Mechanical interlocking of the elements with the tube is provided by limbs 19 which depend from, and are integral with, respective ends of extension pieces 13 of the sieve elements.
FIGS. 4 and 5 show sieve screen modules 21, produced as described above, arranged for assembly together to form a sieve screen. Metal rods 22 extend through corresponding tubes of adjacent modules 21. Stiffeners 23, in the form of elongate strips of rectangular cross-section are located between the modules, the rods passing through slots 28 in the strips.
When the desired number of modules have been assembled onto the rods, fixing bars 24, similar to the stiffeners, are positioned across the edges of the modules adjacent to the ends of the rods, and are welded to the rods as indicated at 25. Other means of securing the fixing bars to the rods could be used, for example screws.
A sieve screen made in the aforesaid way may be flat or curved, and the tubes may be rigid or flexible.

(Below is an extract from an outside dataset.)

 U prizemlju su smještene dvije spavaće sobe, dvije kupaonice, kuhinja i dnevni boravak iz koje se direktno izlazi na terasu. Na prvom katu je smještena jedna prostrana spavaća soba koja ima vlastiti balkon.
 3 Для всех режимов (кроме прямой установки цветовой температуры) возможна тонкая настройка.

An advantage of the above embodiments is that the complementary formations of adjacent elements provide for a secure, substantially aperture-free joint between the screen elements whilst wasting little of the useful sieve area of the screen.
Where a sieve screen is to be tensioned, a flexible cord 30 may replace each rod 22. A modified fixing bar is used in combination with the flexible cord and is illustrated in FIGS. 6 and 7. The flexible cord 30 extends through a flexible tube 17 embedded in the joint between sieve elements 10 and has an enlarged head portion 31. The fixing bar includes an apertured plate portion 32 through which the cord extends and which is clamped by the enlarged head portion 31 against the edges of the sieve elements 10. Integral with the plate 32 and extending away from the plate and sieve element is a hooked portion 33 of the fixing bar. This hooked portion is adapted to engage with the conventional clamping and tensioning means provided in the screening machine.

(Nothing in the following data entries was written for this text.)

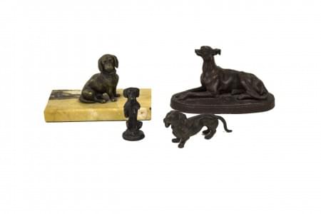 3730. Ensemble de trois statuettes représentant des chiens, Vienne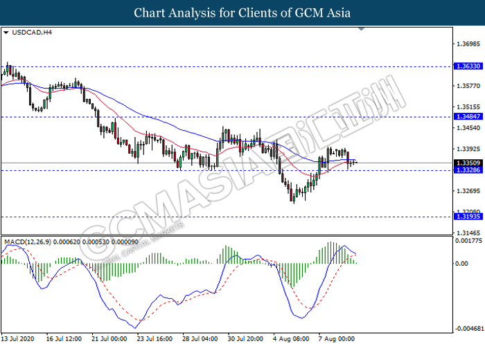 USDCAD, H4: USDCAD was traded lower while currently testing near the support level 1.3330. MACD which illustrate diminishing bullish momentum signal suggest the pair to extend its losses after it breaks below the support level.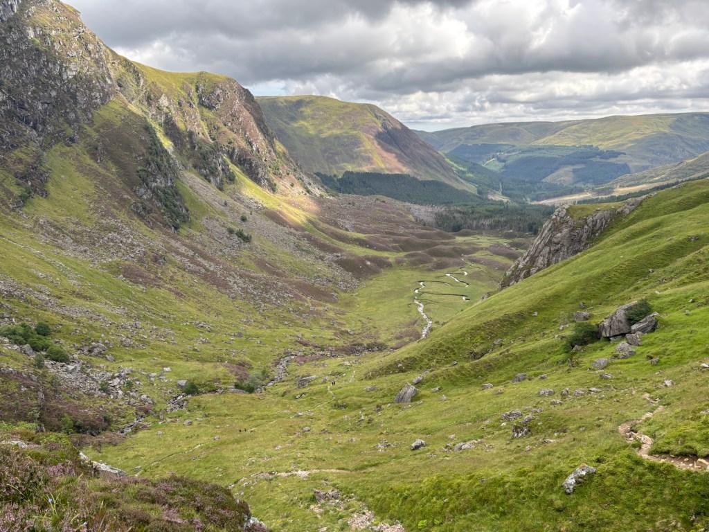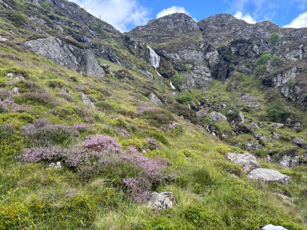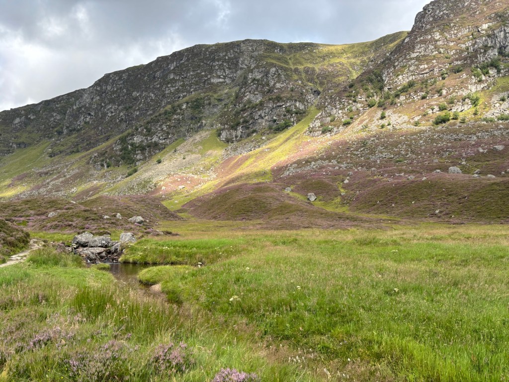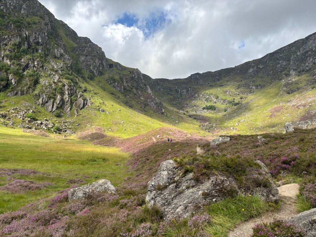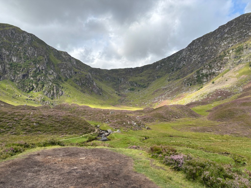 From the Glen Doll parking lot and visitor center (where there are restrooms, yay!), I walked along Jock’s Road. You first pass through a conifer plantation, then emerge into a breathtaking valley: Corrie Fee. This place rivals Puck’s Glen—the most magical place I’ve ever walked in. The surrounding mountains are covered in heather, and the valley is a village of small flowering hillocks. The purple of the flowers, the khaki of the grass, and the luminous gray of the rocks create a real visual symphony.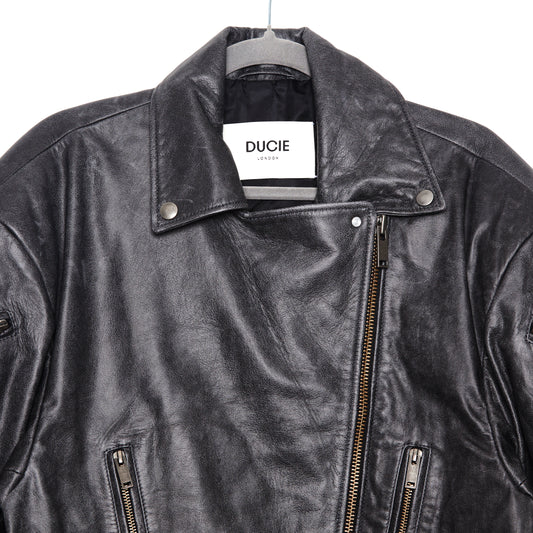 DUCIE LONDON Samantha Distressed Leather Biker Jacket

An advantage of a sieve screen being tensioned in this way is that elongation or other deformation of the sieve apertures is avoided since the tensioning force is not applied directly across the sieve elements.
It will be appreciated that the invention affords practical advantage in the construction and/or maintenance of sieve screens. During construction, virtually any desired sieve dimension can be obtained by suitable choice of modules and elements. During maintenance, individual modules or elements can be replaced quickly and easily by removing the fixing bars, dissembling the modules from the rods, substituting modules as required, and reassembling as per the foregoing description.
The sieve elements described could be metal, synthetic plastics or a combination of both. For example, synthetic plastics material could be formed around a metal grid-like skeletal support structure. Extension pieces and outer covering of the grid would then be of synthetic plastics material having a long life compared to, say, mild steel, from which the grid could be made. Alternatively, the extension pieces could be of metal with a synthetic plastics material sieve insert.
A suitable synthetic plastics material having good wear characteristics in polyurethane.
The individual sieve elements may conveniently be injection moulded.
In the foregoing description the individual sieve elements 10 are of a flat rectangular shape, but embodiments of the invention comprehend other shapes, for example tapered and/or curved, especially where the screen is for use as a centrifuge basket.
FIG. 8 shows, in plan, an element 10 having castellated formations 13 engaging interlocking members 22 in the usual way, but having its other sides 31 converging, there being a correspondingly lesser number of castellations at one end of the element than at the other.
It will be appreciated that where the element is both tapered and curved, a plurality of elements connected together will form a conical screen.